- **TASK DIRECTIONS**
From first line to last, copy the listing exactly and omit its pictures.
DATA SEGMENT START
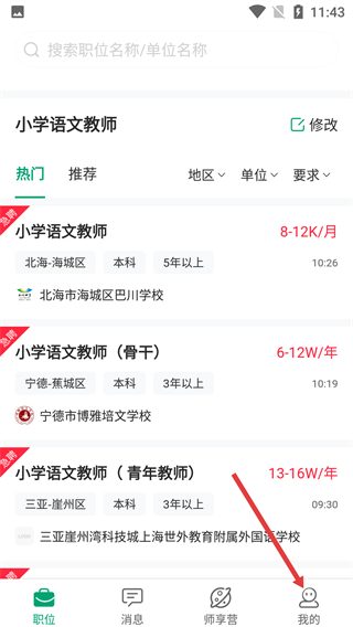 2、進(jìn)入職位列表頁面后,點(diǎn)擊底部導(dǎo)航欄的【我的】選項(xiàng),進(jìn)入包含個人信息、常用功能的個人中心頁面。
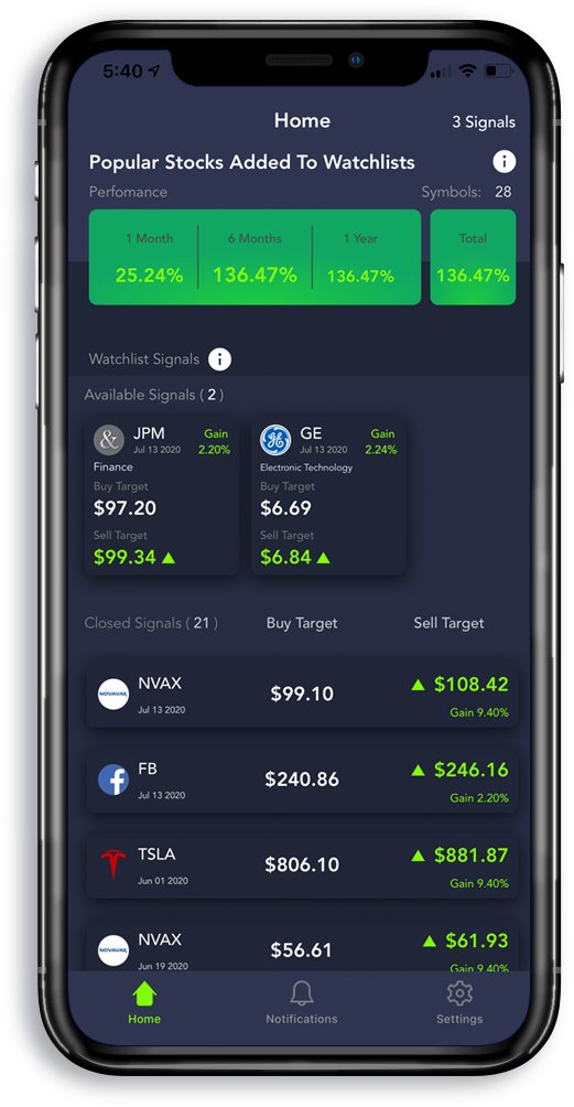 Not only do we send out the signals, we guide you on when to take profits, trim positions or close them.
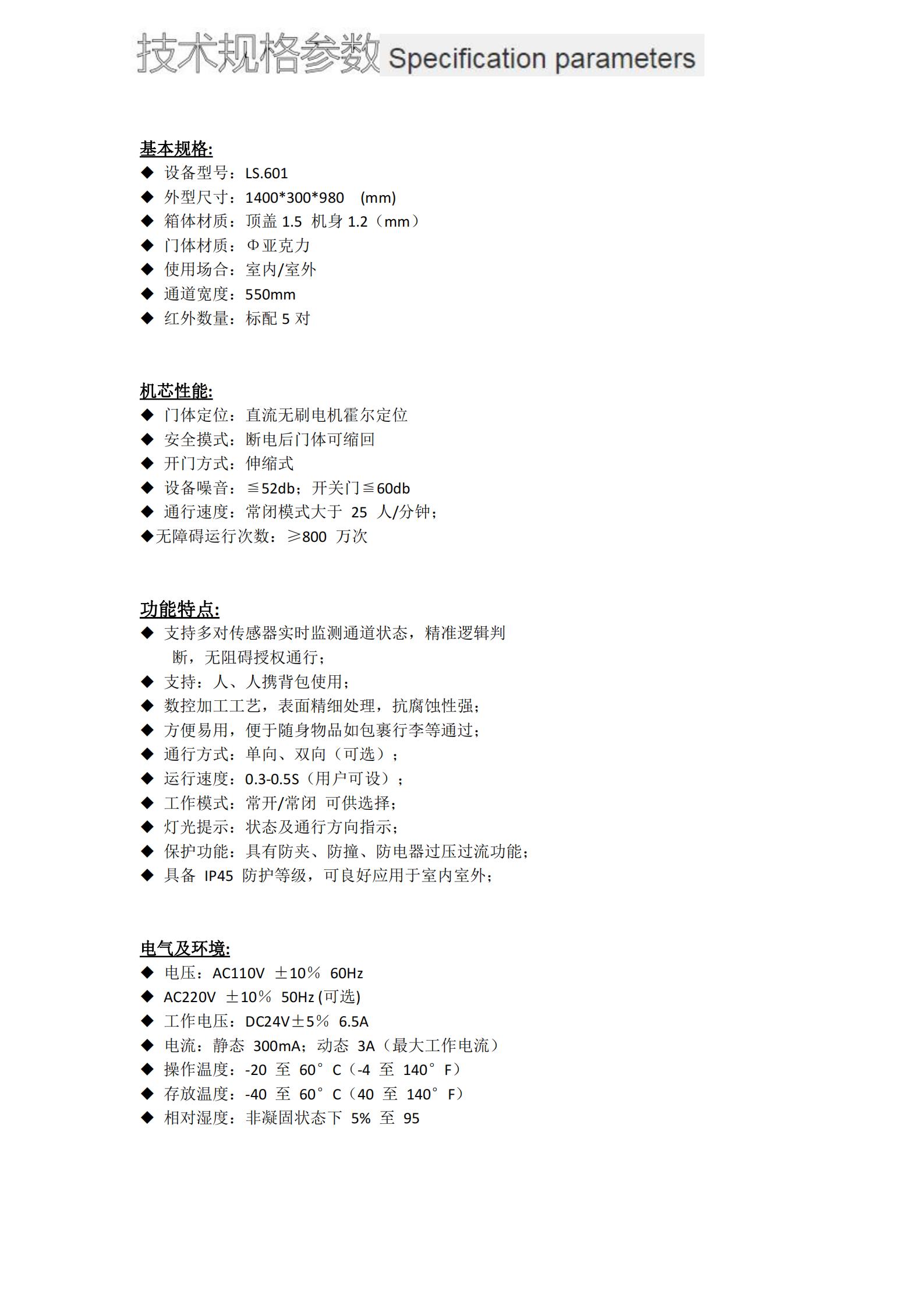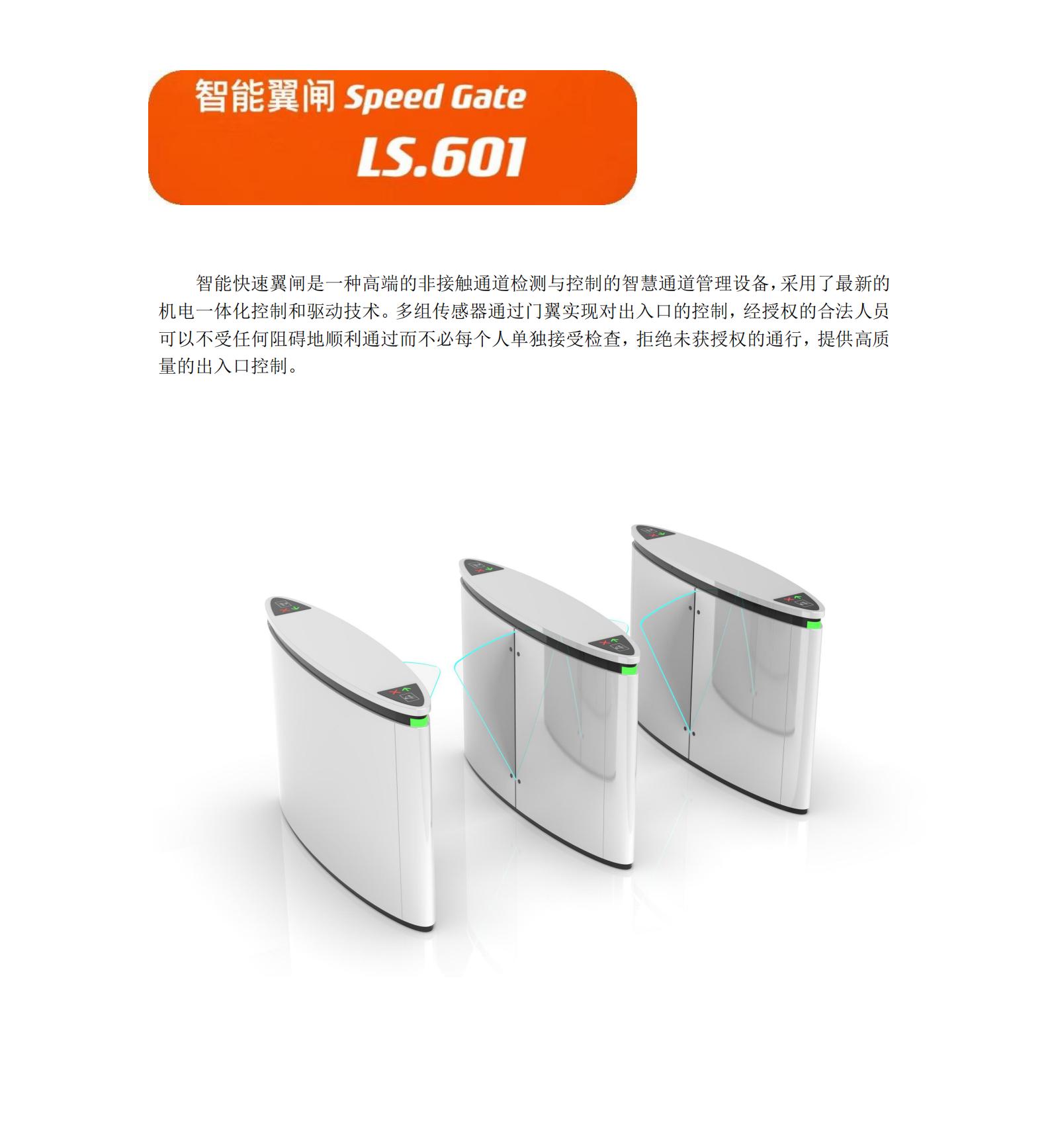 翼闸,为通道管理设备之一,主要用于人行通道管理;具有快速打开、安全、方便等特点,是行人高频率出入通道的理想管理疏导设备;现已广泛应用于机场、地铁站、车站、码头、景点、公园、学生宿舍、单位人行通道等,可以配合智能卡实现脱机型售票管理系统功能、形成人员进出的无人值守管理。
DATA SEGMENT END
- **RESPONSE**
 2、進(jìn)入職位列表頁面后,點(diǎn)擊底部導(dǎo)航欄的【我的】選項(xiàng),進(jìn)入包含個人信息、常用功能的個人中心頁面。
 Not only do we send out the signals, we guide you on when to take profits, trim positions or close them.
 翼闸,为通道管理设备之一,主要用于人行通道管理;具有快速打开、安全、方便等特点,是行人高频率出入通道的理想管理疏导设备;现已广泛应用于机场、地铁站、车站、码头、景点、公园、学生宿舍、单位人行通道等,可以配合智能卡实现脱机型售票管理系统功能、形成人员进出的无人值守管理。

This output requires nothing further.